Decadal changes in the atmospheric circulation and associated surface climate variations in the Northern Hemisphere winter

This study attempts to investigate decadal-scale climate changes in the mid- and high latitudes of the Northern Hemisphere in winter 1989 by using various observational data for atmospheric parameters, sea surface temperature (SST), and snow cover. Decadal-scale changes in the winter atmosphere after 1989 are characterized as follows: a dipole pattern of height anomalies between midlatitudes and polar regions with an equivalent barotropic structure, temperature changes with cooling in the polar region and warming in midlatitudes in the middle troposphere, and associated reduction of the subtropical jet stream.
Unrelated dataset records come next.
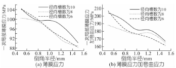 圖5 徑向槽數(shù)不同時(shí)倒角半徑對(duì)應(yīng)力的影響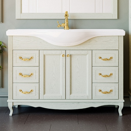 - тумба под раковину Эллина 120, массив ясеня, 2 распашных фасада, 6 ящиков, ручки золото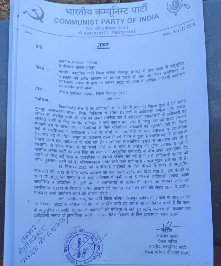 इसी क्रम में छत्तीसगढ़ की आदिवासी समाज 15 नवंबर 2022 को छत्तीसगढ़ सरकार के खिलाफ व 32% आरक्षण को यथावत रखने की मांग को लेकर राज्य में आर्थिक नाकेबंदी करने आंदोलन करने की घोषणा की है। जिसका समर्थन भारतीय कम्युनिस्ट पार्टी जिला कमेटी बीजापुर करती है।
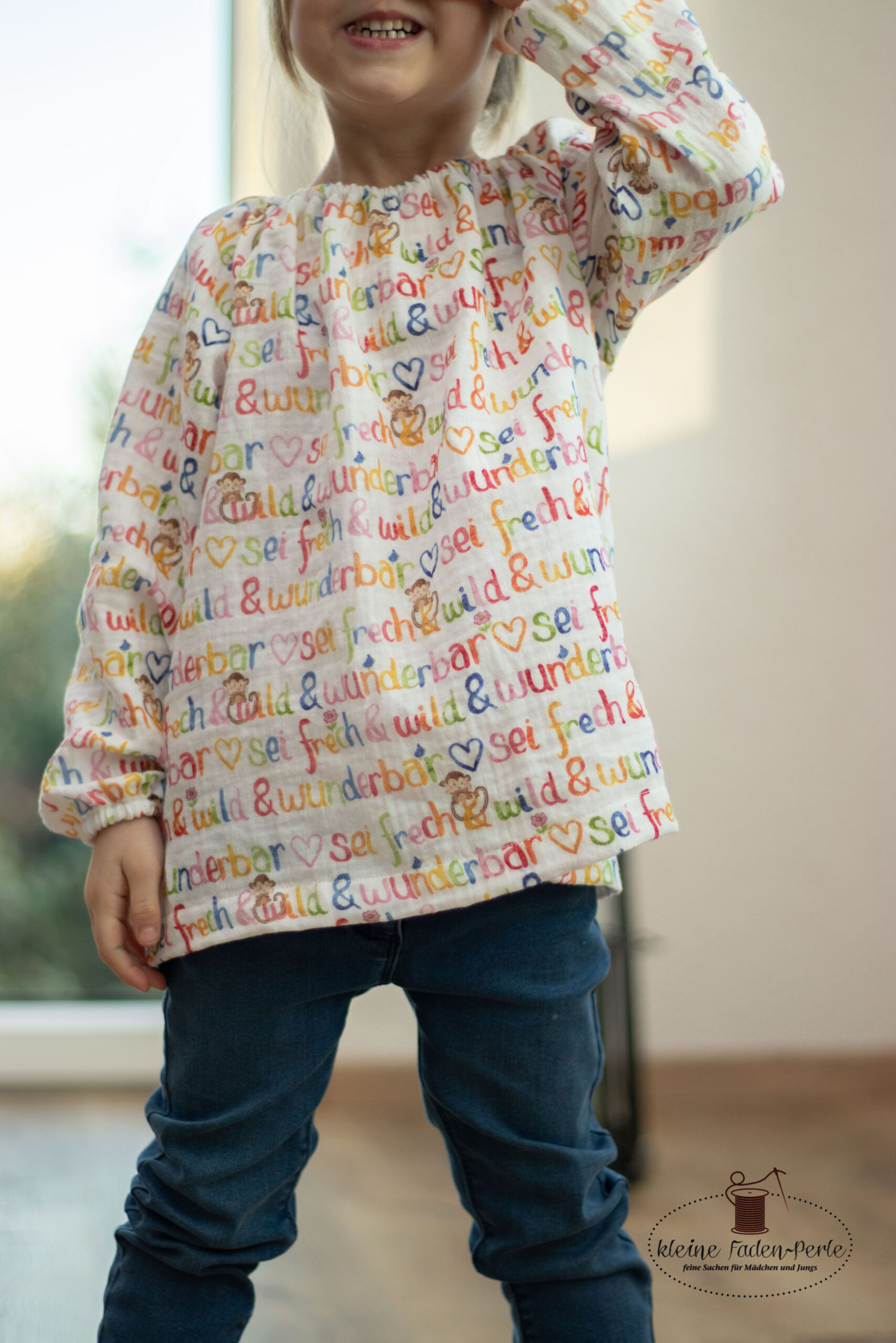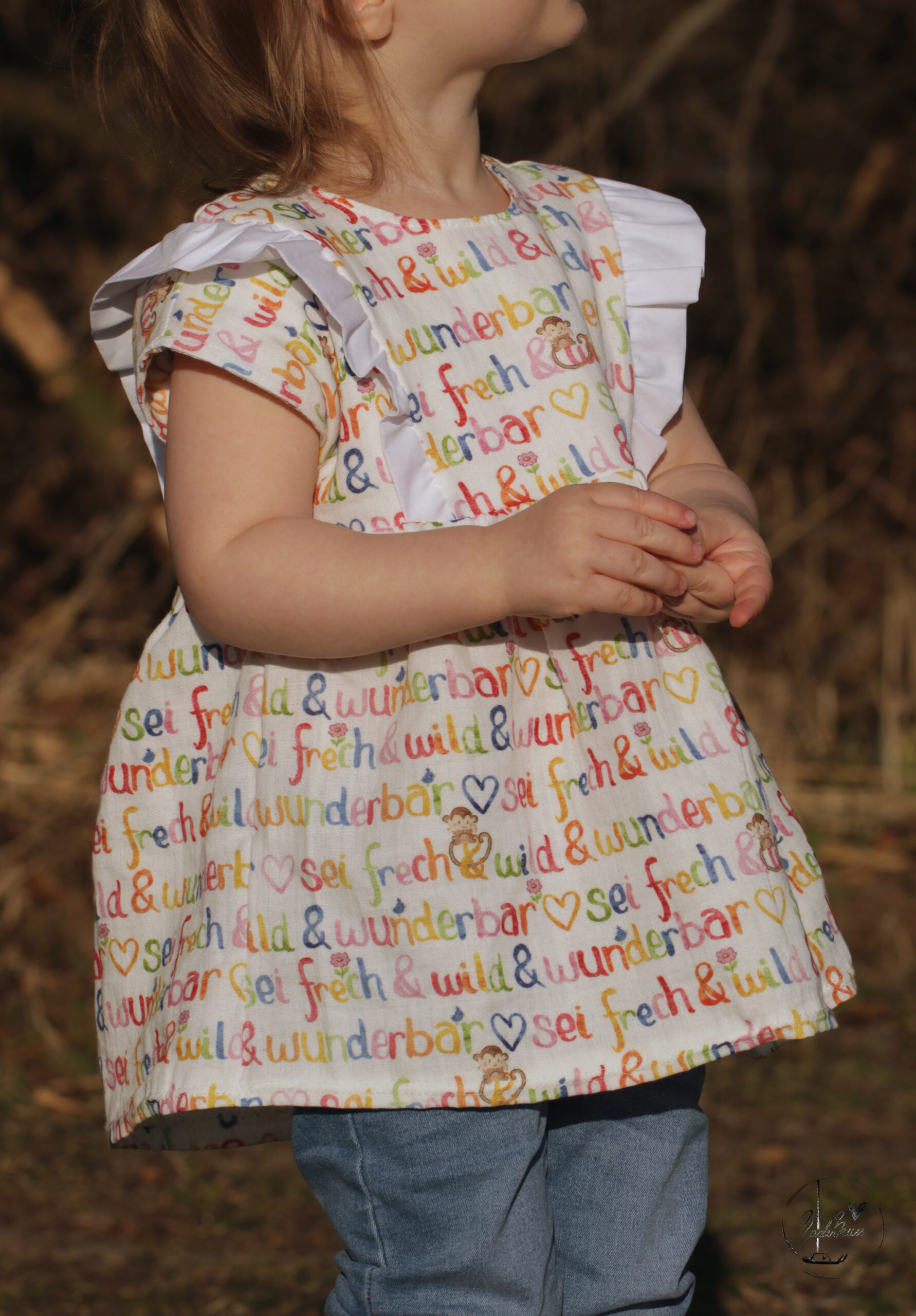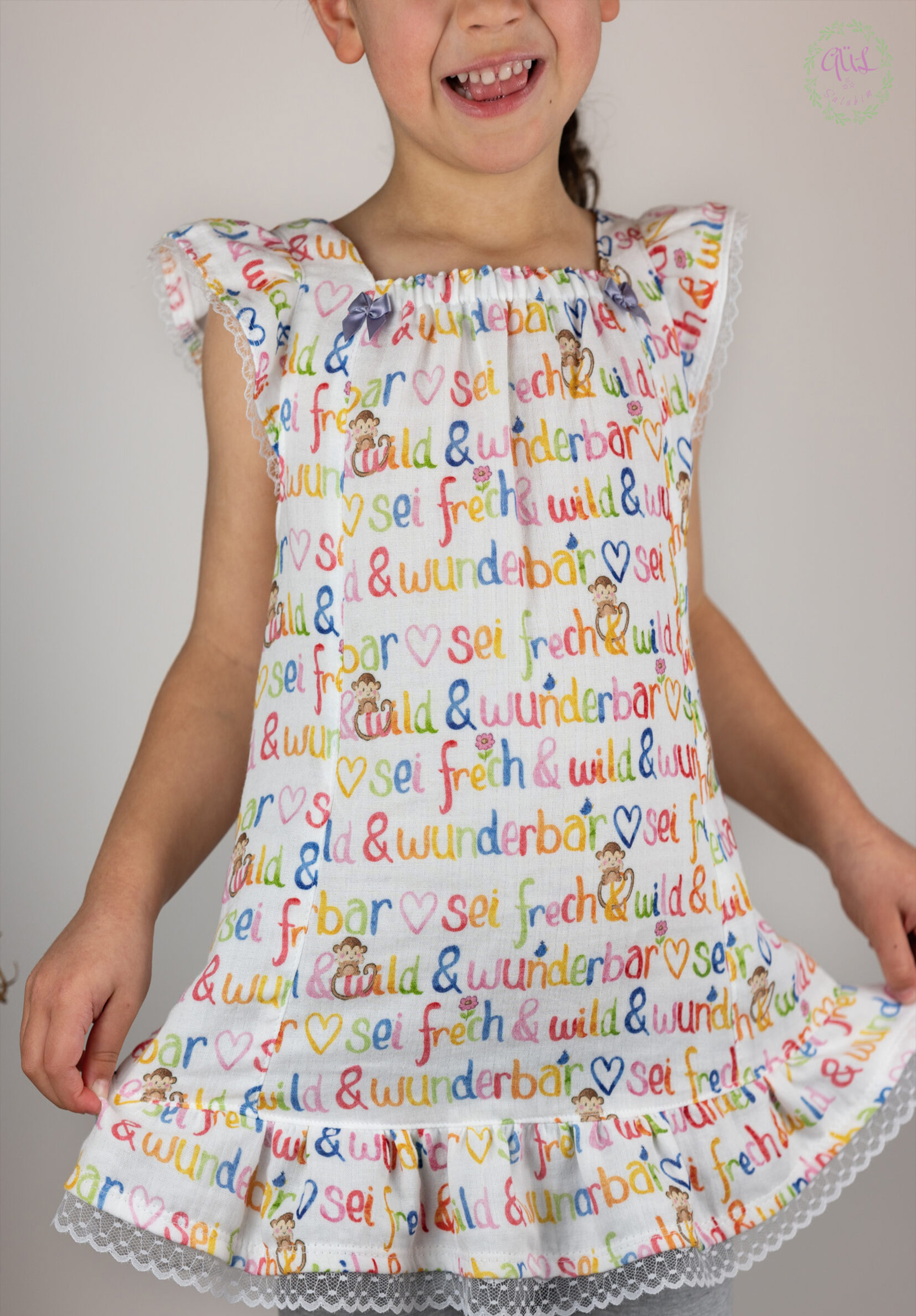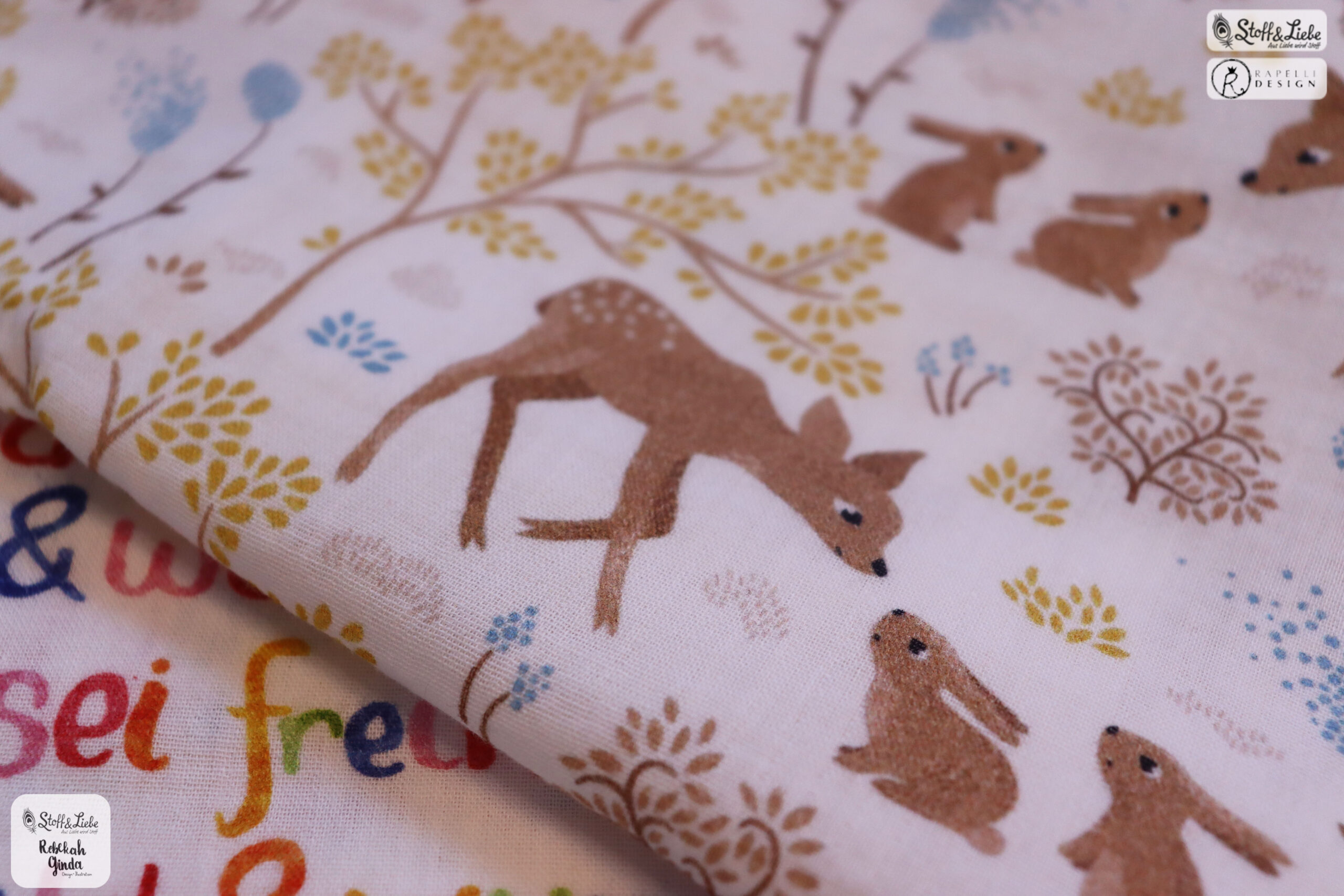 Und jetzt kommen wir zu dem zweiten Design auf Musselin „Sei frech & wild“ aus der Feder von Rebekah Ginda. Dieses Design habt Ihr und natürlich auch wir, sehr ins Herz geschlossen. Uns scheint, als ob Ihr gar nicht genug davon bekommen könnt. Wir hatten dieses Design bereits auf Jersey, French Terry, Canvas, Softshell und Lycra. Es stand außer Frage, Sei frech & wild & wunderbar auf Musselin ist ein absolutes Muss!

Statistical tests applied to the 500-hPa height field reveal that the changes in 1989 are a distinct discontinuity or shift on the decadal scale with hemispheric extent. The spatial structure is interpreted as a linear combination of three teleconnections: the North Atlantic oscillation, Pacific-North American, and Eurasian patterns, in addition to the zonally symmetric dipole. On the other hand, the sharpness of decadal changes in 1989 arises from synchronous phase shifts of interdecadal variations over the Pacific Ocean and quasi-decadal variations over the North Atlantic. Similar concurrence is also found in winter 1977. In agreement with previous studies, the interdecadal atmospheric variations over the North Pacific reveal a strong coupling with tropical/extratropical SST anomalies in the Pacific Ocean. A relationship between the quasi-decadal variability of the North Atlantic atmosphere and underlying SST anomalies is relatively tenuous. Surface air temperatures show a warming over all of Eurasia after winter 1989. It is shown by the analysis of snow cover in the Northern Hemisphere derived from NOAA satellites that a large decrease (increase) of the snow extent over the eastern part of the Eurasian continent occurred in autumn 1988 (1976) prior to winter 1989 (1977). It is suggested that the anomalies in the Eurasian snow cover during autumn play a role as an amplifier in the atmospheric shifts. These snow anomalies may be as important for the atmospheric changes as changes in SSTs.